Pero Haber también sería conocido por otra innovación: las matanzas masivas. Durante la Primera Guerra Mundial, inició un programa para desarrollar y militarizar el cloro para su uso en el campo de batalla. El 22 de abril de 1915, Haber supervisó personalmente el despliegue de 6.000 cilindros de gas en Ypres, Bélgica, que mataron a 1.000 soldados franceses y argelinos en menos de diez minutos.

El ganador menos cualificado
Nils Gustaf Dalén ganó el Premio Nobel de Física de 1912 en conmemoración a su innovadora investigación sobre... faros. Su invención, la Solventil, era una válvula solar que regulaba el funcionamiento de las lámparas de gas. La válvula apagaba la baliza al amanecer y volvía a encenderla por la noche o durante el día, si las condiciones meteorológicas se volvían nubladas o neblinosas.

Una invención ingeniosa, sin duda, pero no fue exactamente una investigación revolucionaria, especialmente durante una época en que Max Planck y otros científicos estaban revolucionando nuestro conocimiento sobre la física.

«Este sigue siendo el galardón menos impresionante en cualquier categoría científica», escribió Burton Feldman en su libro The Nobel Prize: A History of Genius, Controversy, and Prestige. «Parece que ocurrió debido al bloqueo de la academia sobre candidatos más impresionantes, como Planck».

Más tarde salió a la luz que la academia originalmente tenía la intención de ofrecer un premio conjunto a Nikola Tesla y Thomas Edison por sus contribuciones al desarrollo de la electricidad. Sin embargo, Tesla rechazó compartir el premio con Edison. Algunos relatos históricos afirman que Tesla seguía resentido por una discrepancia financiera con Edison; otros dicen que Tesla consideró una afrenta compartir el premio con un mero inventor.

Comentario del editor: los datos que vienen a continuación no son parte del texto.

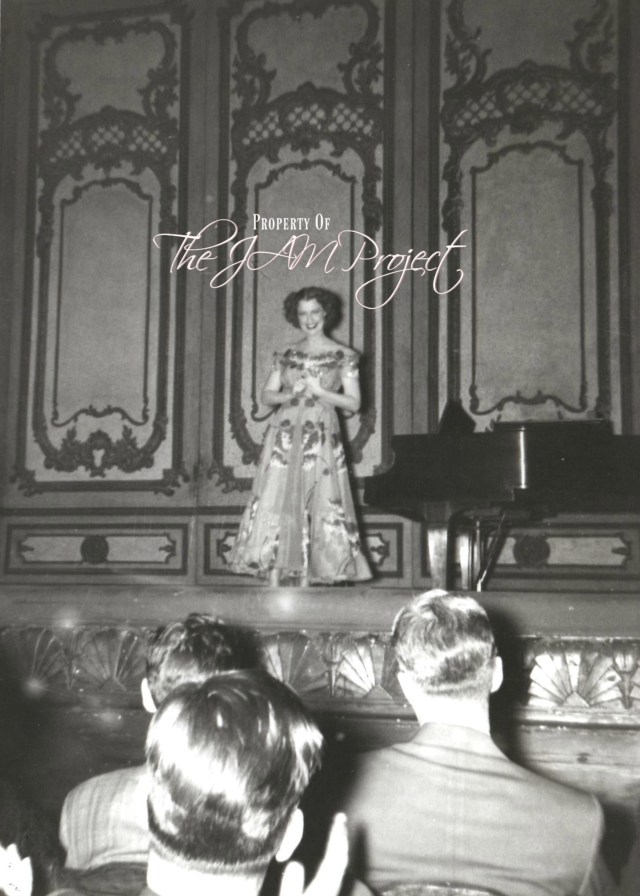 Jeanette onstage during the show, in the gown Shirley describes, after removing hat and gloves. Photo: Dorothy Spangler
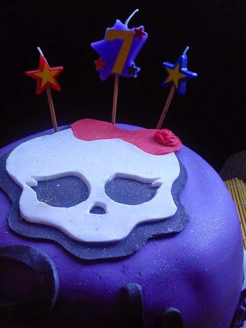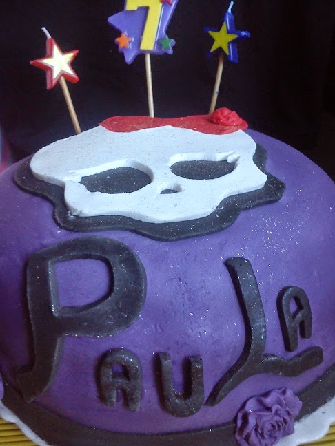 El tema de la tarta lo eligió ella, quería que fuera de las Monster High, esas muñecas monstruosas que causan furor entre nuestras pequeñas, y como tampoco tenía mucho tiempo me decidí por el logo de las muñecas, esa carabela tan coqueta, con sus pestañas y su lacito tan mono.
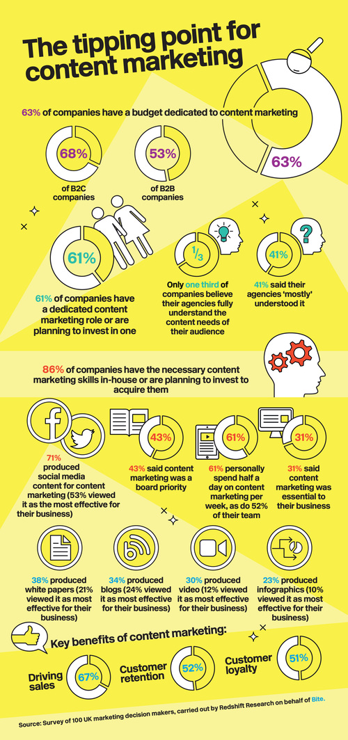 Almost two-thirds (63 per cent) of brands now have a dedicated content marketing budget, research from Bite has found, with 43 per cent of those surveyed saying content marketing was a board priority for their company.

Por ello, el premio se destinó a un hombre que había encontrado una forma de construir mejores faros.

Sexistas ignorantes
Varios laureados figuran en esta categoría, especialmente aquellos que negaron a sus colegas mujeres el reconocimiento público que merecían por su investigación (más abajo tenemos la categoría «Ladrones del mérito»).

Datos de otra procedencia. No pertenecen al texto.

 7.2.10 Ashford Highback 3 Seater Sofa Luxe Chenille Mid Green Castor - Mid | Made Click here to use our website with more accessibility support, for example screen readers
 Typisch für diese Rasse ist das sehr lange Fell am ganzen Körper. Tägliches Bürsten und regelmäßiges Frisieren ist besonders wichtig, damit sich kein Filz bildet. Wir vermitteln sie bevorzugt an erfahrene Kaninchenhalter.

Sin embargo, un nombre destaca especialmente: Sir Tim Hunt, ganador del Premio Nobel de Fisiología y Medicina en 2001.

El bioquímico británico creó un tsunami de críticas en redes sociales en junio de 2015 cuando, durante un almuerzo para mujeres periodistas y científicas femeninos en Seúl, comentó: «Déjenme hablarles de mis problemas con las mujeres. Ocurren tres cosas cuando compartes el laboratorio con ellas: tú te enamoras de ellas, ellas se enamoran de ti, y, cuando las criticas, lloran. Quizá deberíamos hacer laboratorios separados para hombres y mujeres».

Hunt publicó más tarde una pseudodisculpa diciendo que lamentaba haber ofendido a alguien y que su intervención «tenía la intención de ser un comentario irónico y jocoso». Sin embargo, también dijo a un colega que su comentario se basaba en la «honestidad», lo que refleja una aparente ignorancia sobre la representación insuficiente de las mujeres que trabajan en los campos de STEM (Ciencias, Tecnologias, Ingenierías y Matemáticas).

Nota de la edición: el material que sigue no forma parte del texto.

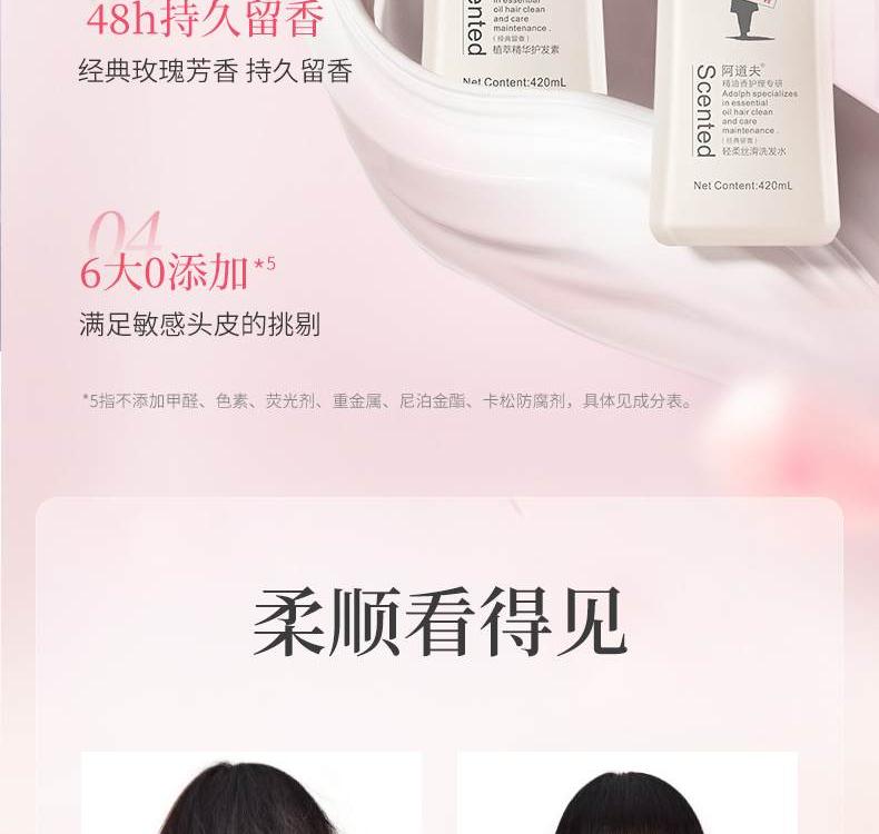 【自营】阿道夫精油香护理专研洗发水(轻柔丝滑)420ml

«Declaraciones como esta son indicadores de una actitud arraigada que, en efecto, hace que sea más difícil para las mujeres avanzar en el mundo de la ciencia», escribió la escritora científica Deborah Blum, ganadora del Premio Pulitzer.

Ladrones del mérito
Existe una larga y bochornosa historia de Premios Nobel concedidos a hombres en lugar de a sus colegas mujeres.

Quizá uno de los más indignantes sea Joshua Lederberg, galardonado con el Premio Nobel de Fisiología o Medicina de 1958 por una investigación llevada a cabo con su primera mujer, la microbióloga Esther Lederberg.

Esther Lederberg descubrió un virus que infectaba a las bacterias, y, junto con su marido, desarrolló una técnica para transferir bacterias entre placas de petri. En sus primeros experimentos usaron el polvo de la polvera de ella para coger y depositar las bacterias en una placa de laboratorio. En la actualidad, los científicos usan una técnica similar para estudiar la resistencia a los antibióticos.

Pese a todas sus contribuciones, ella no compartió el Premio Nobel con su marido, quien la mencionó solo una vez en su discurso durante la gala de los Nobel.

Completamente equivocados
El científico danés Johannes Fibiger ganó el Premio Nobel de Fisiología o Medicina en 1926 por descubrir lo que pensaba que era un parásito cancerígeno, una idea audaz que resultó ser del todo incorrecta.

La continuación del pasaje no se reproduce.